DE NUEVO, SANT CLIMENT DE TAÜLL

Conocí Taüll hace años, de la mano de un amigo muy querido a quien, por los vericuetos de una vida azarosa, he perdido la pista. Fue una revelación. No sólo por su docta compañía, ni por lo atípico del viaje, sino por contemplar por primera vez una de mis obras fetiche, que tanto me había gustado estudiar, en su momento, y a la que tanto tratamiento he otorgado en mis clases, entonces y ahora. Este verano volví, casi 20 años después.
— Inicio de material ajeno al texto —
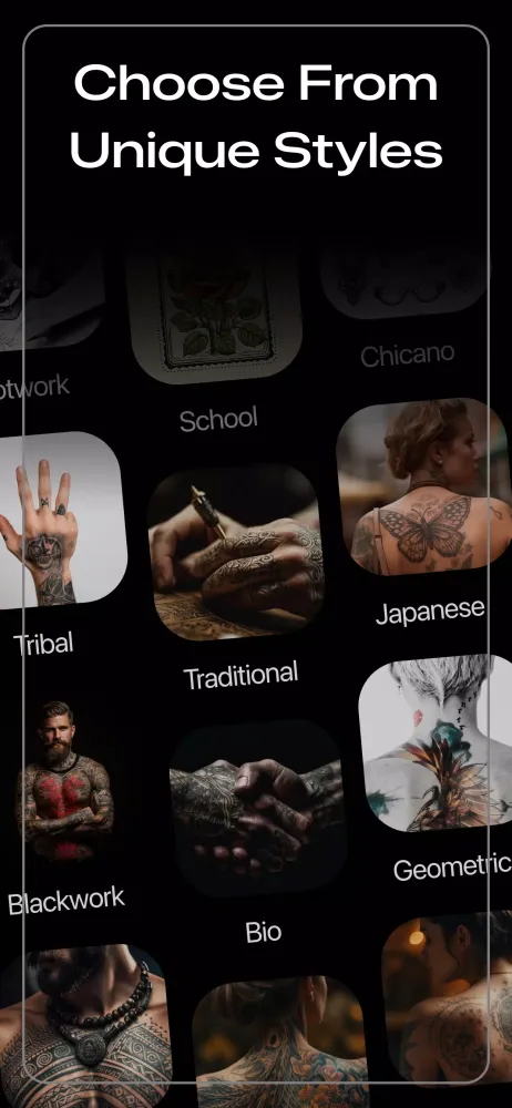Finding the perfect tattoo design can be overwhelming. Tattoo AI simplifies the process by generating designs that match your ideas and style preferences. Whether you're looking for inspiration or a final design, our app takes the guesswork out of tattoo creation.

Siempre me pareció increíble que algo tan pequeño pudiera proporcionarme tanta energía, tanta plenitud. La iglesia, uno de las muestras más puras del románico lombardo en Cataluña, presenta dos marcas que le son propias, y por los que hasta los más iletrados la recuerdan siempre. Su excepcional pantocrátor pintado de su ábside central (extraído hace años, hoy se exhibe con orgullo en el MNAC de Barcelona), y su inconfundible torre de seis pisos, la más hermosa del románico hispano, con permiso de la muy cercana de Eril-la-Vall.
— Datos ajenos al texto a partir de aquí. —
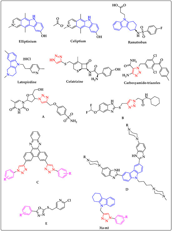 Carbazole derivatives have previously been reported as anticancer agents; for example, Elliptinium, which was reported as a topoisomerase II inhibitor and an intercalating agent [20]. Preclinical and phase II clinical evaluations revealed that Elliptinium (Figure 1) exhibits efficacy against breast and renal cell carcinomas and both small- and non-small-cell lung cancer [21]. Elliptinium analog Celiptium (N-methyl-9-hydroxy ellipticinium acetate) has been developed and used for the treatment of metastatic breast cancer [22]. Similarly, many of the triazoles are reported as anticancer agents that target various cellular pathways in cancer development and progression [23,24,25,26,27]. Cefatrizine and Carboxyamido-triazole have been reported as potential anticancer drugs [28,29] and substituted triazole heterocycles could serve as telomerase inhibitors.

La otra vez no pude subir por ella. No recuerdo el motivo. Pero esta vez sí. Y pese a la gradiente de subida, a la cantidad de personas que confluimos en la operación, pese a todo, pude contemplar a mi antojo el valle de Boí-Taüll durante unos minutos gozosos, gracias a que por fortuna la gleba turista se conforma con los primeros pisos, y pocos prosiguen hasta el final (toda una filosofía de vida subyace en ello). Por eso, todo el valle, las imponentes montañas rodeándonos por todos lados, y la ensoñación de estar escuchando cómo abajo los canteros, escultores y pintores construían la basílica nueve siglos atrás, se ensamblaron en otro momento feliz -distinto- ante mi mirada.